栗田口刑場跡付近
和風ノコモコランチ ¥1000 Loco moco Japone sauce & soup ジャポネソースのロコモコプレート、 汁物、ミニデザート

...

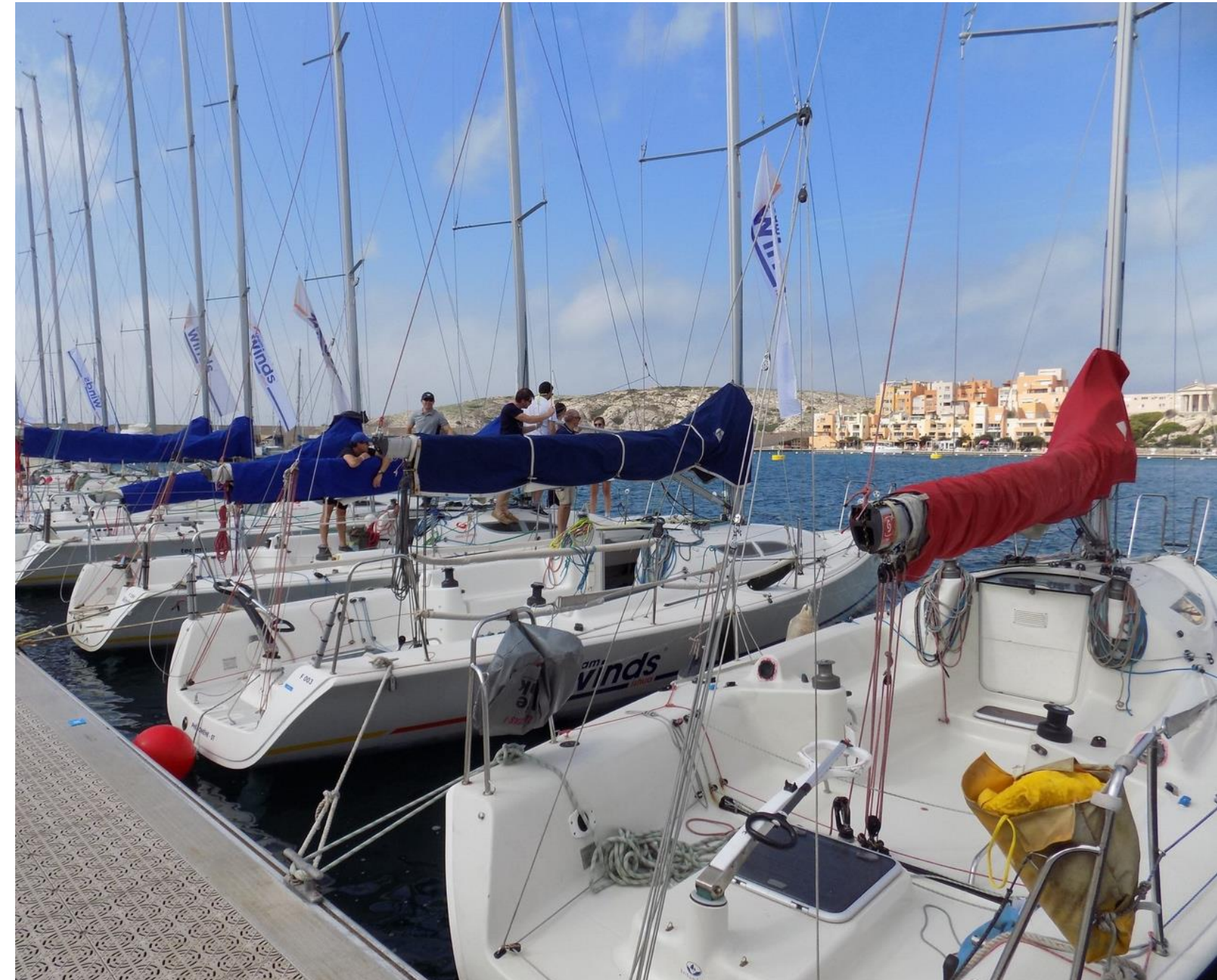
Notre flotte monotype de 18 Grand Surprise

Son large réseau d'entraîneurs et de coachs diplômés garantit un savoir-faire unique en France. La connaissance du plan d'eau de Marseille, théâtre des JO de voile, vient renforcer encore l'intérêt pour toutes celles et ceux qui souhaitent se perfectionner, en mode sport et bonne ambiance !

Task objective: Taking the entries above, restate exactly those lines that fall between the line with "Notre flotte monotype de 18 Grand Surprise" and the line with "Son large réseau", keeping both of those lines too.

Exercise output:
Notre flotte monotype de 18 Grand Surprise

Son large réseau d'entraîneurs et de coachs diplômés garantit un savoir-faire unique en France. La connaissance du plan d'eau de Marseille, théâtre des JO de voile, vient renforcer encore l'intérêt pour toutes celles et ceux qui souhaitent se perfectionner, en mode sport et bonne ambiance !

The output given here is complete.